Hará como unos doce años, probablemente más (¡dIOS mío, me hago viejo!) que conocí a
Arturo Pérez-Reverte. Yo había acudido con un grupo de alumnos al
Casino de Murcia, donde el escritor cartagenero presentaba una de sus novelas, creo que la primera de la saga
Alatriste, acompañado por
Pepe Perona, uno de sus grandes amigos y, probablemente, el mejor profesor que he tenido en la facultad. Cada una de sus ruedas de prensa, como sus discursos (memorable el que prologó su ingreso en la
R.A.E.) o sus artículos, destilaban la misma pasión que su
Corso o su
Astarloa, conduciendo a su auditorio o a sus lectores a un posicionamiento inexcusable. En esa época yo frecuentaba locales que, siendo benévolos, podríamos calificar como algo alejados de los círculos universitarios. Esa noche volví a encontrar a la pareja en cuestión en uno de esos locales, y envalentonado por mi juventud y un par de copas, me acerqué a su mesa con la inocente intención de presentarle mis respetos y mi admiración. La nebulosa propia del tiempo y de las copas que he mencionado anteriormente (que acabaron multiplicándose en la mesa como si del milagro del pan y los peces, o del gin y el tonic, se tratara) me impiden recordar con exactitud los derroteros que me llevaron a despertar con un libro autografiado y dedicado a un joven grumete que supuse ser yo. Algo recordaba de una promesa de abordar, amparados en las primeras luces del alba, unos cuantos barcos ingleses y pasar a cuchillo a cuantos hijos de la
Pérfida Albión encontráramos en nuestra santa misión.

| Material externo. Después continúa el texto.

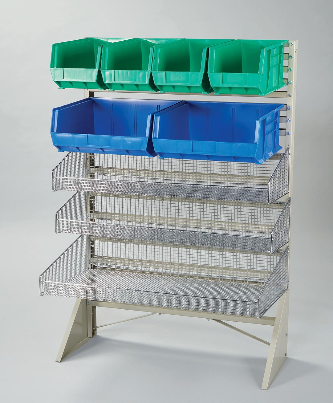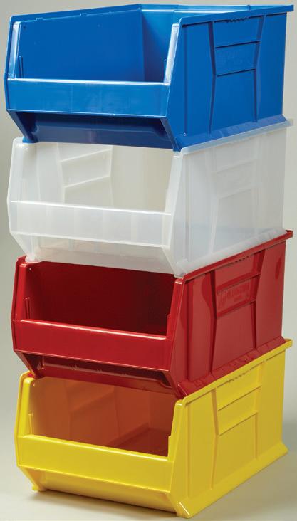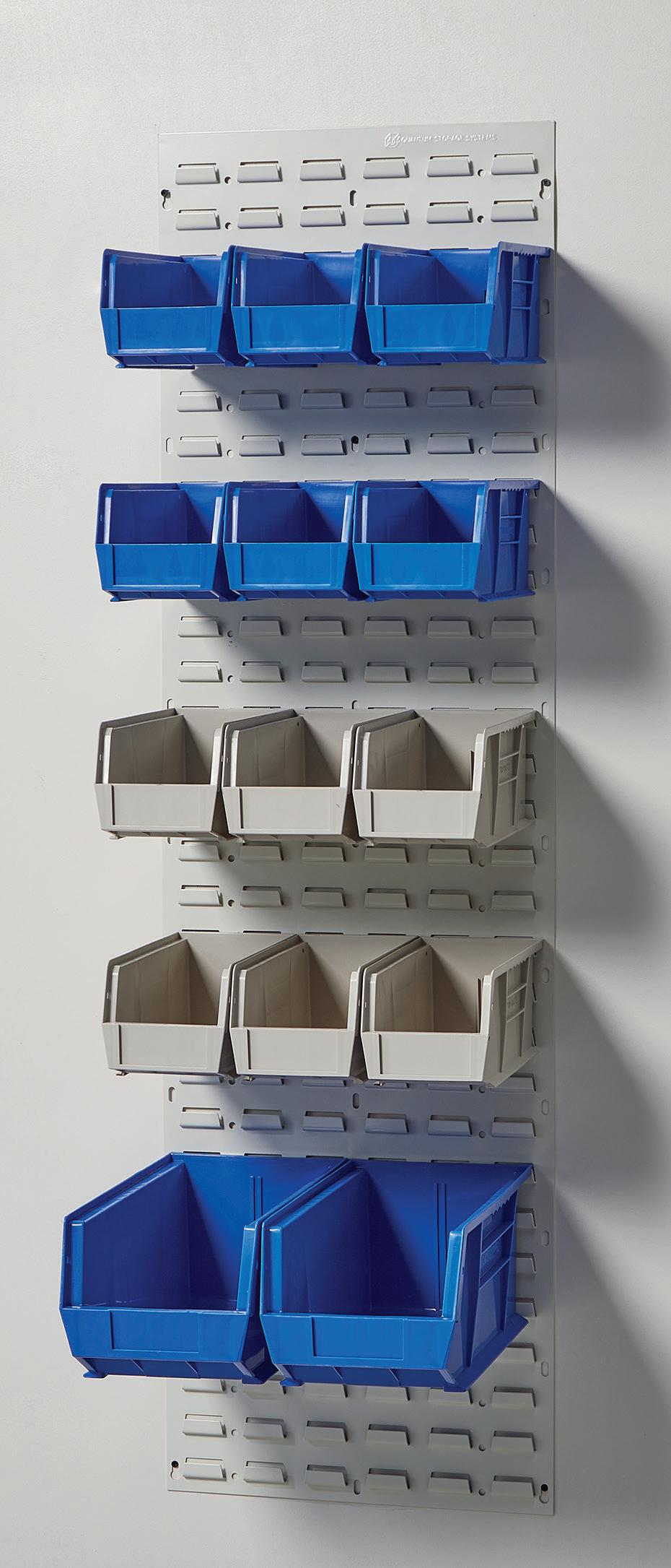 Stack or Hang - Bins can be stacked or hung from panels and rails.

Esa noche, y el duelo más que epistolar que mantuvo con
D. Victorino Polo, otro de mis profesores (aunque de éste no aprendí nada que no fuera cómo no se deben hacer las cosas) e ilustre jurado de premios cervantinos, y que dejó al titular universitario escaldado entre el regocijo de aquellos a los que no nos quedaba otra que entonar el
"Sí, bwuana", despertaron en mí la simpatía por el otrora corresponsal de guerra.

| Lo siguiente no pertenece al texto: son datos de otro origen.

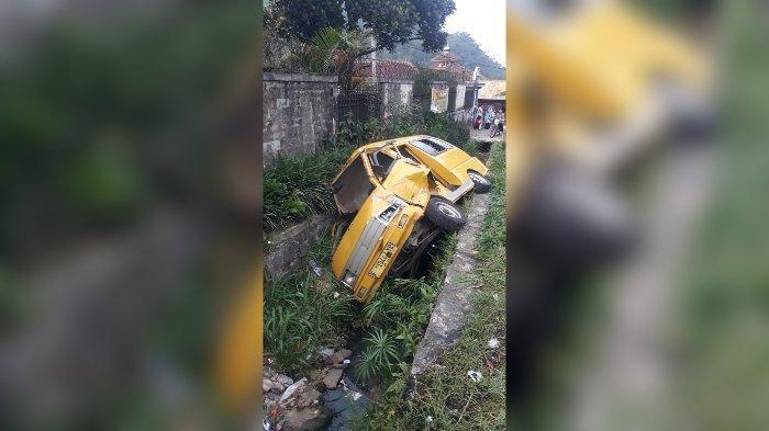 Hindari Kendaraan, Angkot Terperosok ke Parit

Me faltaría tiempo para entonar en éste post las bondades de una forma de escribir más propias de otro tiempo, de cómo es posible revivir el espíritu de
Dumas o
Stevenson y encerrar en unas hojas de papel a piratas, espadachines, curas, periodistas, asesinos a sueldo y otras gentes de mal vivir sin perder un ápice de calidad, en relatos perfectamente documentados y estructurados en los que el talento y la pasión se ponen al servicio de la pluma, poblados de personajes tan atemporales como reconocibles, y tan lejanos del bien y del mal como de su
crisantema cotidianeidad.
Es obvio que no podría suscribir cada uno de sus artículos de opinión, pero éste, mi post número 51, bien merecía darle al César lo que es del César y a mí el placer de regurgitar un par de recuerdos y de aplausos antes de que no quede nadie a quién aplaudir.